Submitted by the San Juan Island Museum of Art
Visual artist Dianne Kornberg and poet, Elisabeth Frost, will be presenting a series of Art As A Voice talks on Lopez, San Juan, and Orcas Islands during October. Kornberg’s work with Frost is featured in the exhibition, For All We Know on display through November 28th at the San Juan Islands Museum of Art (SJIMA) in Friday Harbor. Kornberg, an Obstruction Island resident, collaborates with Frost to make photo-based digital prints that incorporate poetic text.
Kornberg relies on her knowledge of the conventions of scientific collection, preservation, and notation to create beautiful fictional specimen pages. “These works both honor and question the creation of knowledge, employing visual allusions and poetic text to create alternate ways of understanding the ‘evidence’ before us,” says Kornberg.
Both women have held artist residencies in the Whiteley Center at the University of Washington Friday Harbor Laboratories where Kornberg made some of the photographs used in the exhibition. What Is Left, a meditation on dying and grief, is a singular piece in the exhibition. “It moves between the abstract and the concrete, in both image and text, to explore the charged and disorienting experience of grief,” says Frost.

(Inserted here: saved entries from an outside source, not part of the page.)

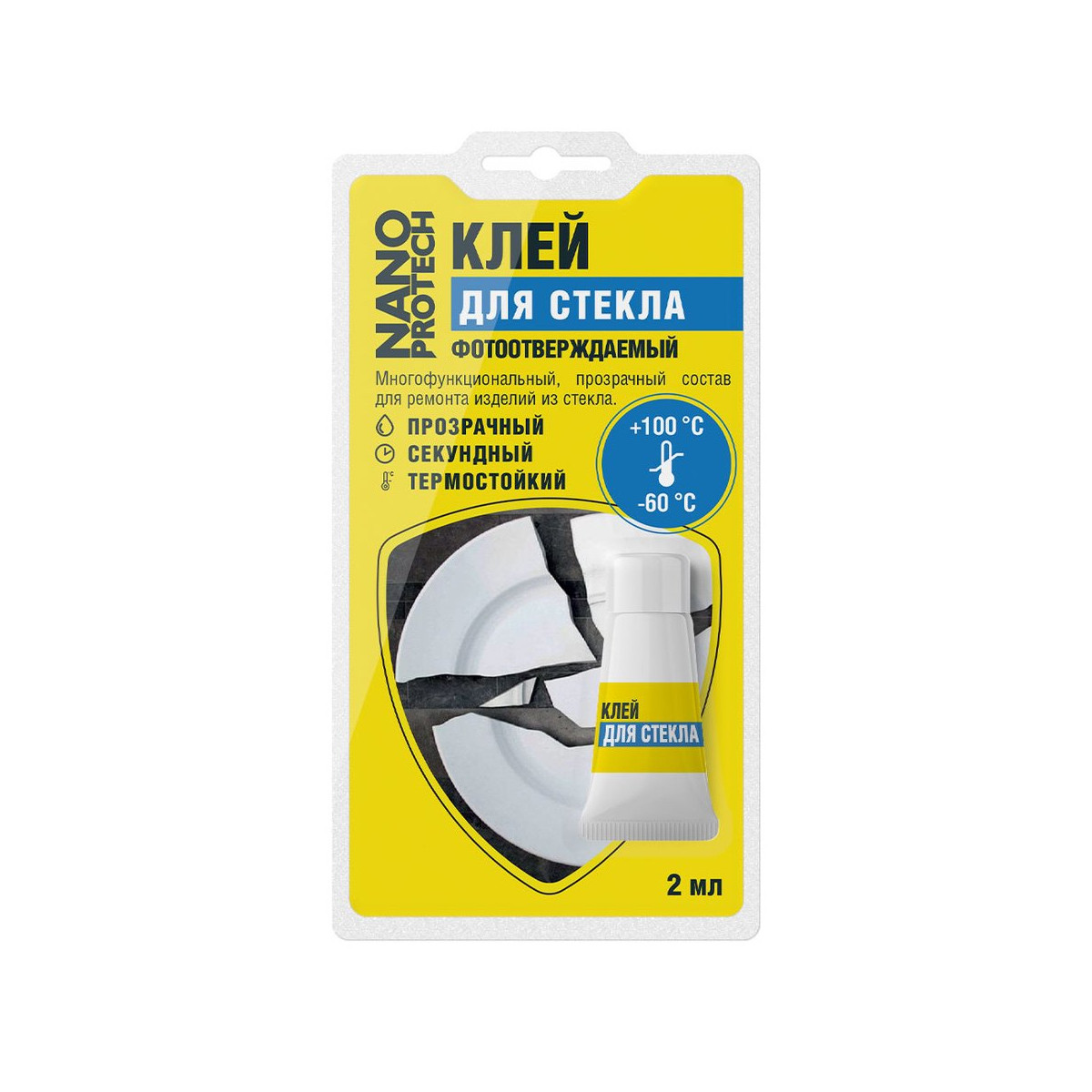 Клей для стекла фотоотверждаемый NANOPROTECH, прозрачный состав для ремонта изделий из стекла. Работает при солнечном свете или UVлампы. Обладает высокой устойчивостью к воздействию температуры, воды и вибрациям. Надёжно и быстро склеивает стекло (прозрачное, окрашенное, закалённое), хрусталь, бижутерию, оргстекло, фарфор, керамику, стекло с металлом, деревом, пластиком. Идеально подходит для ремонта трещин лобового стекла, приклеивания зеркал заднего вида. А также для ремонта посуды, после чего её можно использовать в посудомойке, свч печи, в духовке.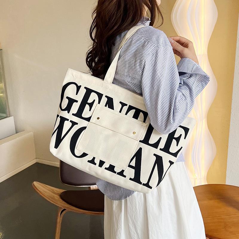 GW Large Capacity Letter Printed Canvas Tote Bag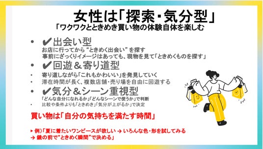 男性は即決、女性は“ときめき”女性は探索型。買い物の空間や体験、接客にの価値を感じる。そのときの気分や直感を大切にしながら、店内を回遊し、自分がときめく、最高に似合うアイテムを選んでいく。
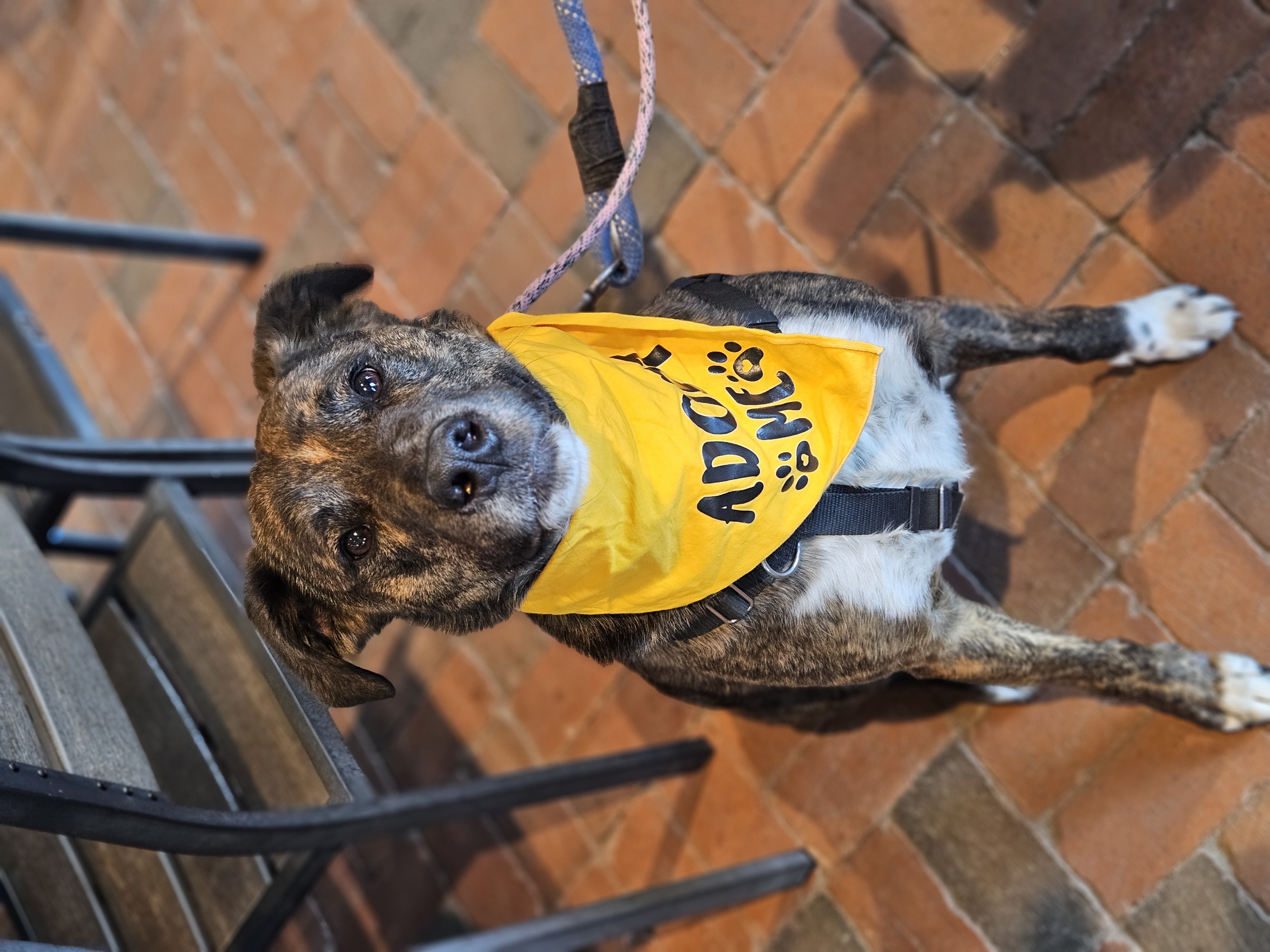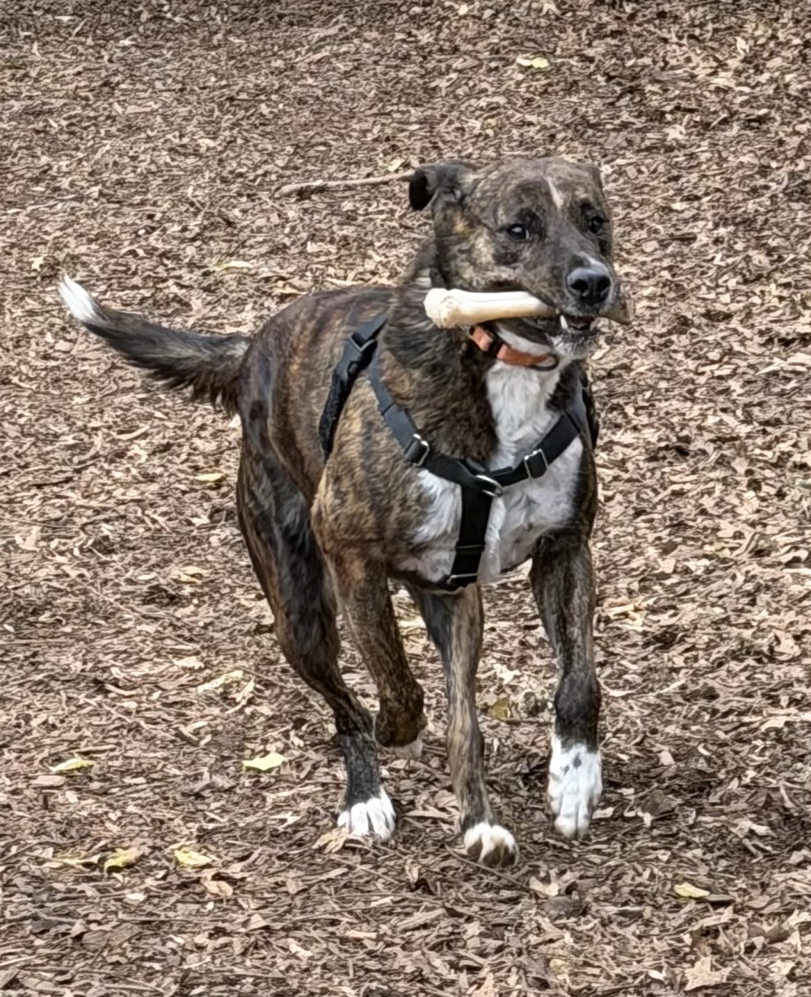 I walk nicely on leash, like to stay close by your side, and I love leaning in for affection. If you happen to find the magical itch spot on the right side of my neck under my collar, be prepared—you’ll get the happiest little leg kick ever! It’s kind of my signature move.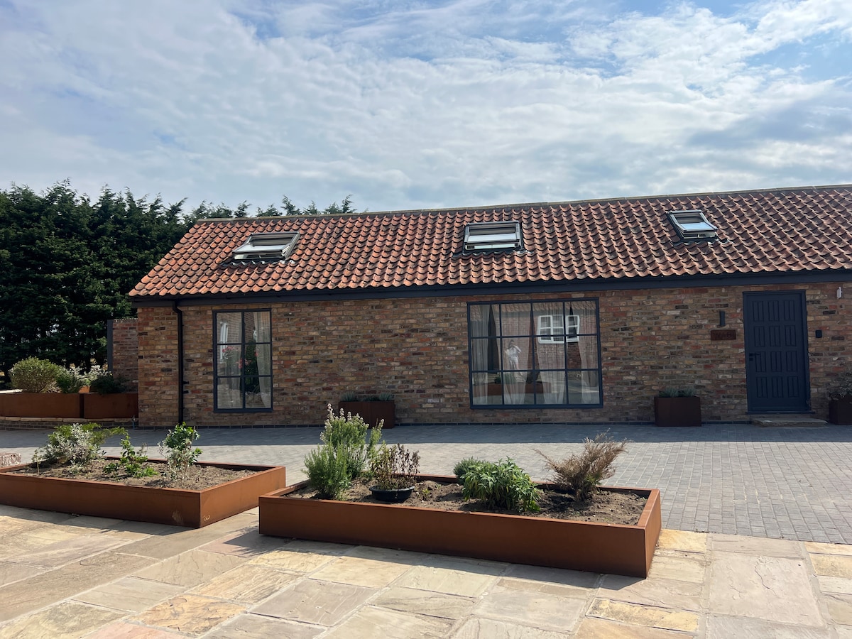 April sale - visit York while it is quieter and enjoy luxury accommodation in a desirable location near York, Harrogate and Castle Howard. Our converted barn in landscaped gardens, has two double bedrooms, the main having cast iron free standing bath. Bedroom 2 has twin single beds. The open plan kitchen and living space is an ideal living area, with another quiet sitting room on the first floor overlooking the gardens, our house being adjacent. We also have a 7kW EV charging point

Dianne Kornberg has been exhibiting her artwork nationally and internationally for more than three decades. She is a Professor Emerita at Pacific Northwest College of Art in Portland, Oregon. Her work is in several important museum collections, including those of the International Center for Photography, the Princeton Art Museum, the Houston Museum of Art, the Seattle Art Museum, and the Portland Art
Museum. Her work appears in multiple book publications, and is the subject of four monographs.
Elisabeth Frost’s books include All of Us: Poems, Bindle (collaborations with artist Dianne Kornberg), and the chapbooks A Theory of the Vowel. She is also the author of The Feminist Avant-Garde in American Poetry and co-editor of Innovative Women Poets: An Anthology of Contemporary Poetry and Interviews. She is Professor of English and Women’s Studies at Fordham University, where she edits the Poets Out Loud Prize book series.